*** Input data Section Begins ***

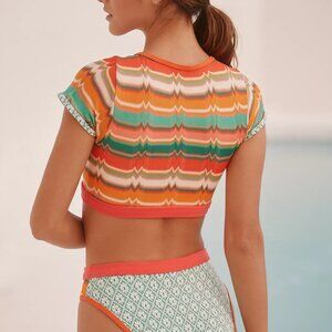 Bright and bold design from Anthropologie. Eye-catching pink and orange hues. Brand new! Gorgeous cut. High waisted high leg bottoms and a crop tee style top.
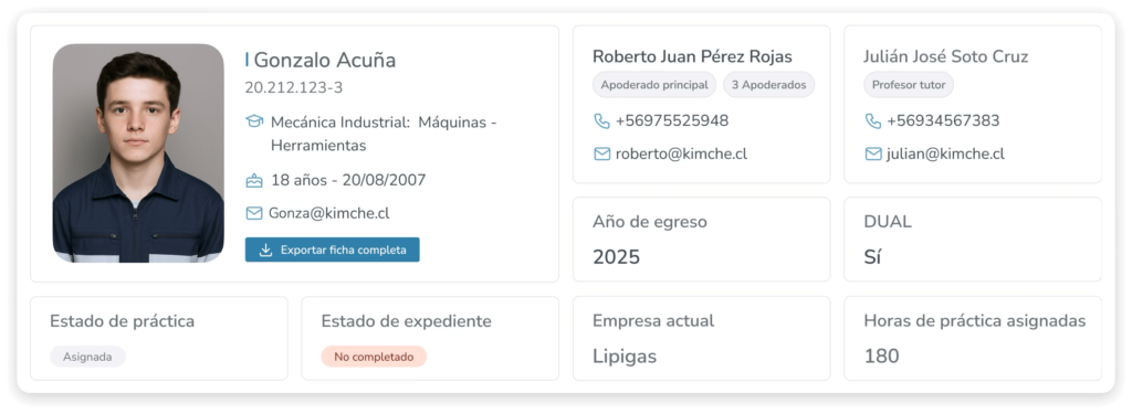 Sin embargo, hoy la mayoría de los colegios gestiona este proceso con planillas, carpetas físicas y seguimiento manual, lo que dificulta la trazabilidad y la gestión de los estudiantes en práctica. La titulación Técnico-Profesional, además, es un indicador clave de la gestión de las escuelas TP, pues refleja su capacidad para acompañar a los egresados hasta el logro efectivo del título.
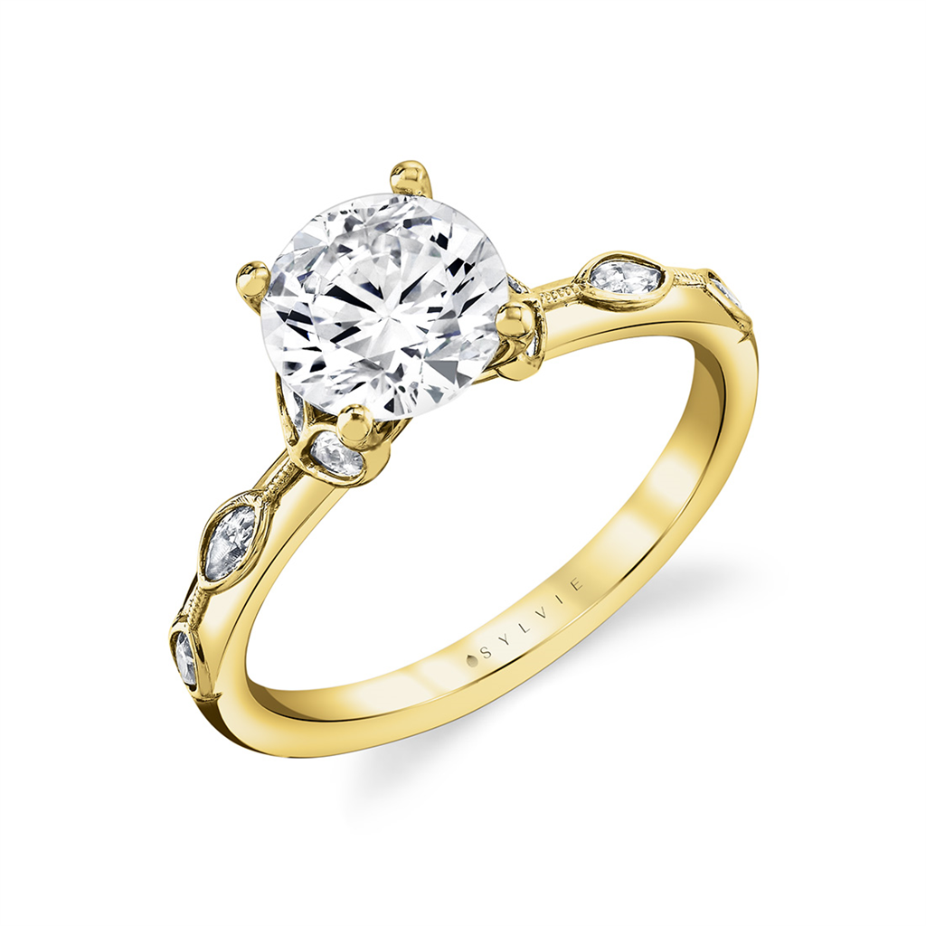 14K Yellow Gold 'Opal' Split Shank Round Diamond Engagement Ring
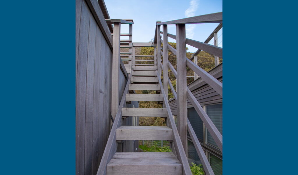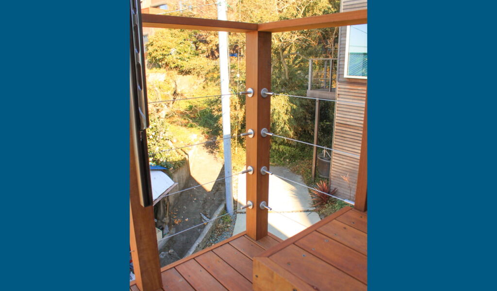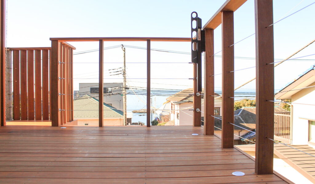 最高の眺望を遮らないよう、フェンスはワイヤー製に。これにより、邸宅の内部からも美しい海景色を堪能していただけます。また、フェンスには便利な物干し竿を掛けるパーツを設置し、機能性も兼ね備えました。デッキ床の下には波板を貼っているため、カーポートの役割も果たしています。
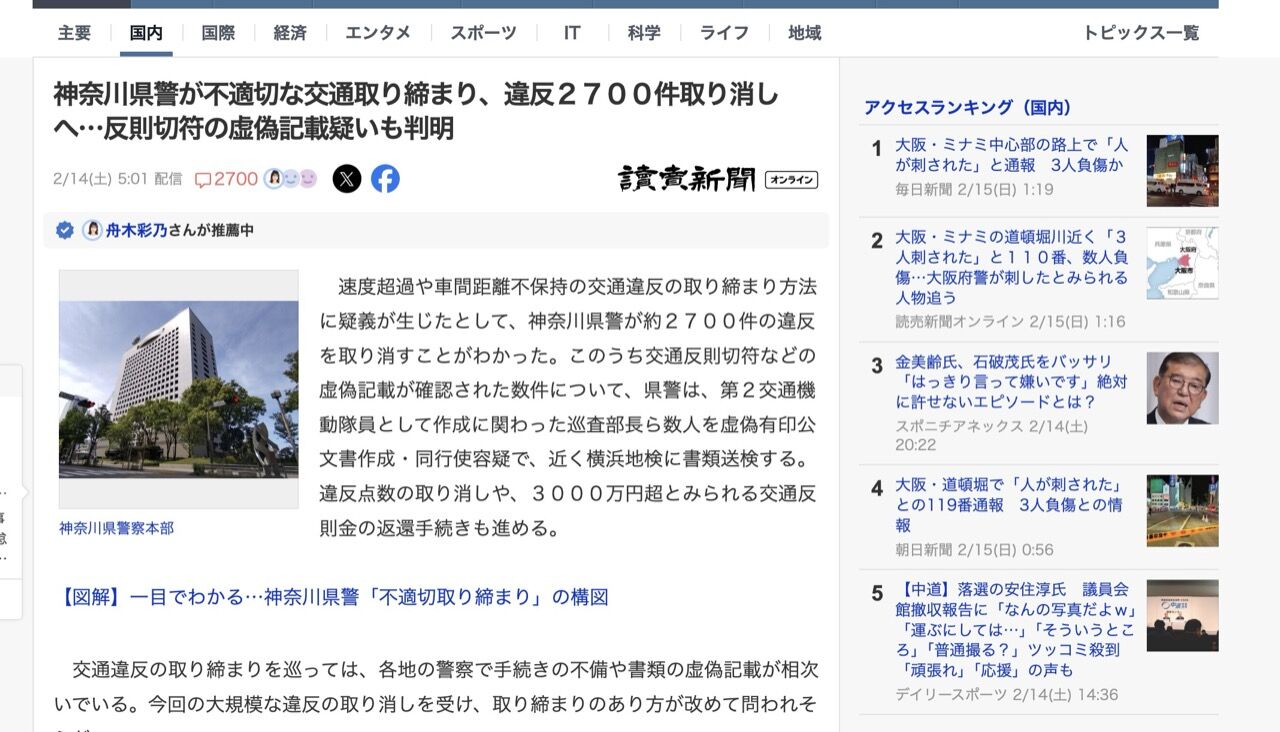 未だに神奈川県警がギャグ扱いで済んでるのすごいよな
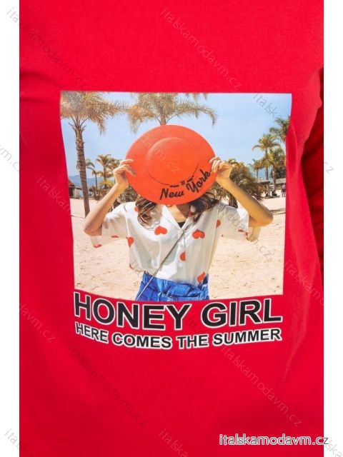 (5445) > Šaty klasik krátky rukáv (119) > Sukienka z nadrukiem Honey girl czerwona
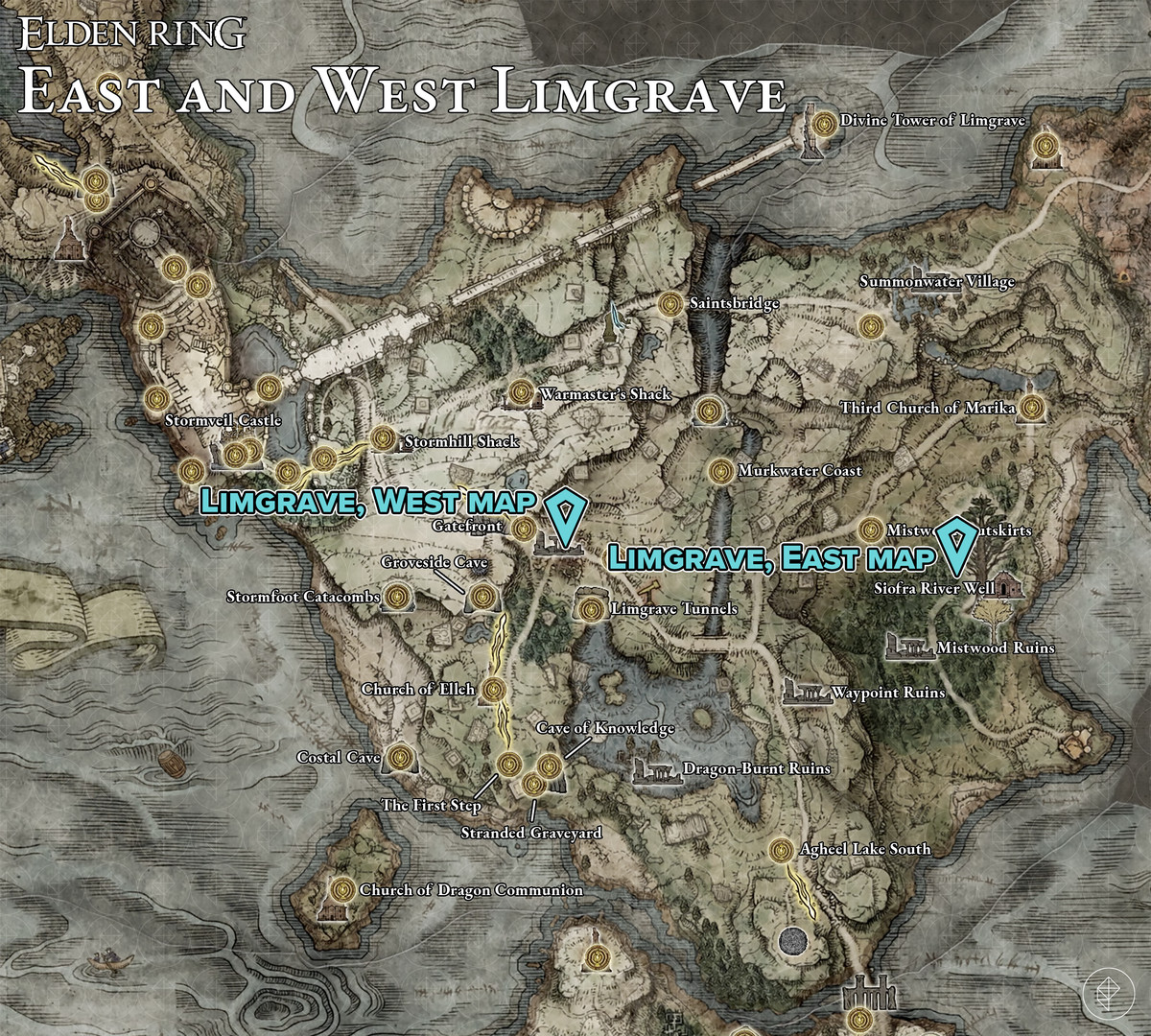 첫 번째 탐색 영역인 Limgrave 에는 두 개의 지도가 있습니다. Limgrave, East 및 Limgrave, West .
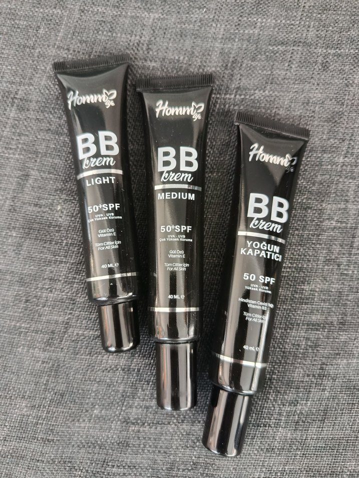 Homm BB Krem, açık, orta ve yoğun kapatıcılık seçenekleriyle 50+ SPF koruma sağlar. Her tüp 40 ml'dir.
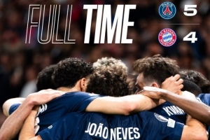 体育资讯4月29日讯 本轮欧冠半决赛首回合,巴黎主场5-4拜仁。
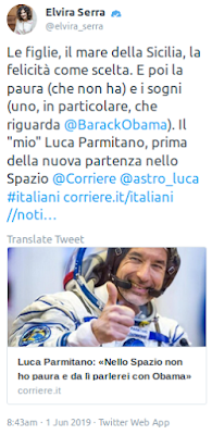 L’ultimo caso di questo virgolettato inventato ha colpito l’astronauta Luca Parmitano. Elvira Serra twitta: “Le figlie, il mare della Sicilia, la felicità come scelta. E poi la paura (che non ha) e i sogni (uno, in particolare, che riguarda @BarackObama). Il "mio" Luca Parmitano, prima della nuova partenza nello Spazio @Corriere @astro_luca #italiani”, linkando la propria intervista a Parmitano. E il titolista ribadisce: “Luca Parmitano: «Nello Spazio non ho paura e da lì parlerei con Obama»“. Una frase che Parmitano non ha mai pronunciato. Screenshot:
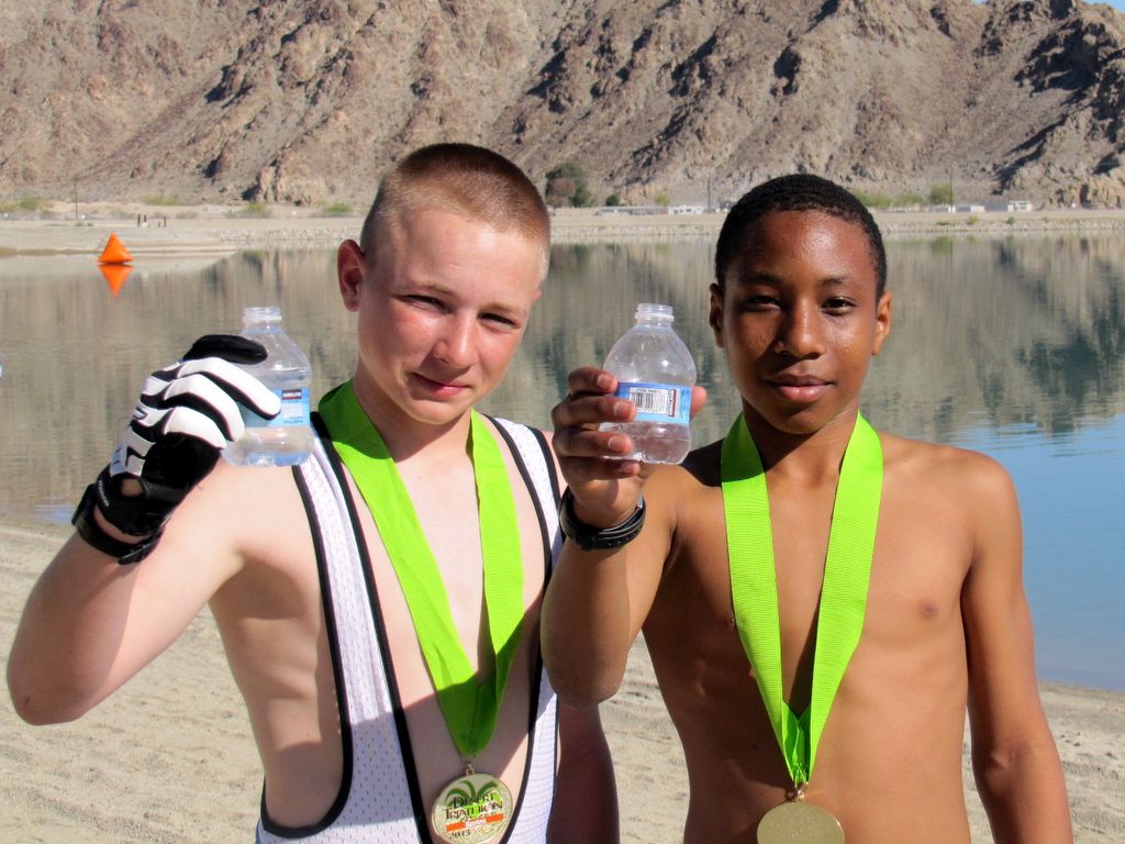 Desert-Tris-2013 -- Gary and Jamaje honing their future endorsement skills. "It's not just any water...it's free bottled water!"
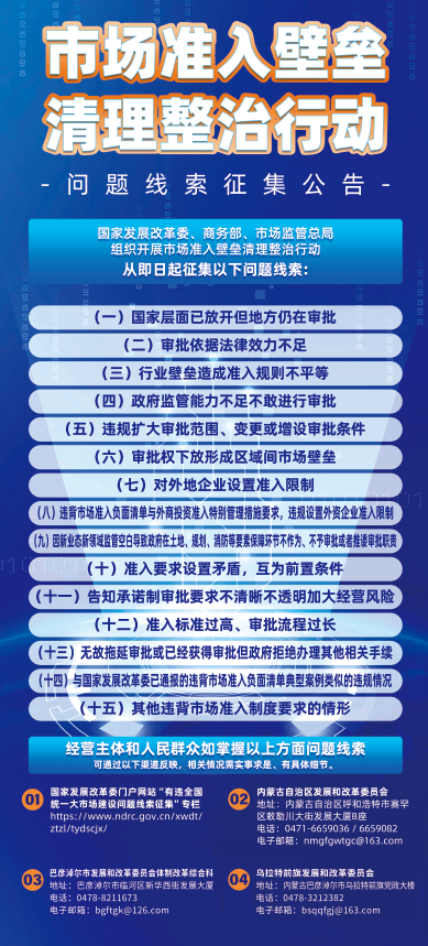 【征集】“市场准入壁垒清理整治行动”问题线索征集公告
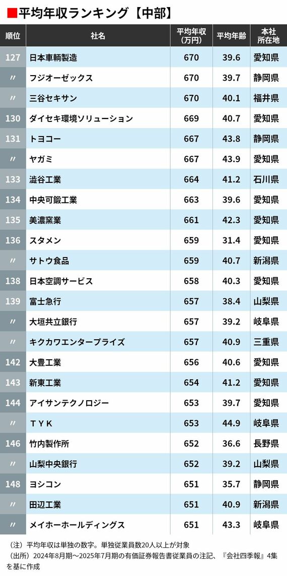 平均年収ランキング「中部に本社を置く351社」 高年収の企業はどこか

*** Input data Section Ends ***

Without any pictures, output exactly the lines from the start of the material through the line that contains "L’ultimo caso di", and only those.

 Bright and bold design from Anthropologie. Eye-catching pink and orange hues. Brand new! Gorgeous cut. High waisted high leg bottoms and a crop tee style top.
 Sin embargo, hoy la mayoría de los colegios gestiona este proceso con planillas, carpetas físicas y seguimiento manual, lo que dificulta la trazabilidad y la gestión de los estudiantes en práctica. La titulación Técnico-Profesional, además, es un indicador clave de la gestión de las escuelas TP, pues refleja su capacidad para acompañar a los egresados hasta el logro efectivo del título.
 14K Yellow Gold 'Opal' Split Shank Round Diamond Engagement Ring
 最高の眺望を遮らないよう、フェンスはワイヤー製に。これにより、邸宅の内部からも美しい海景色を堪能していただけます。また、フェンスには便利な物干し竿を掛けるパーツを設置し、機能性も兼ね備えました。デッキ床の下には波板を貼っているため、カーポートの役割も果たしています。
 未だに神奈川県警がギャグ扱いで済んでるのすごいよな
 (5445) > Šaty klasik krátky rukáv (119) > Sukienka z nadrukiem Honey girl czerwona
 첫 번째 탐색 영역인 Limgrave 에는 두 개의 지도가 있습니다. Limgrave, East 및 Limgrave, West .
 Homm BB Krem, açık, orta ve yoğun kapatıcılık seçenekleriyle 50+ SPF koruma sağlar. Her tüp 40 ml'dir.
 体育资讯4月29日讯 本轮欧冠半决赛首回合,巴黎主场5-4拜仁。
 L’ultimo caso di questo virgolettato inventato ha colpito l’astronauta Luca Parmitano. Elvira Serra twitta: “Le figlie, il mare della Sicilia, la felicità come scelta. E poi la paura (che non ha) e i sogni (uno, in particolare, che riguarda @BarackObama). Il "mio" Luca Parmitano, prima della nuova partenza nello Spazio @Corriere @astro_luca #italiani”, linkando la propria intervista a Parmitano. E il titolista ribadisce: “Luca Parmitano: «Nello Spazio non ho paura e da lì parlerei con Obama»“. Una frase che Parmitano non ha mai pronunciato. Screenshot:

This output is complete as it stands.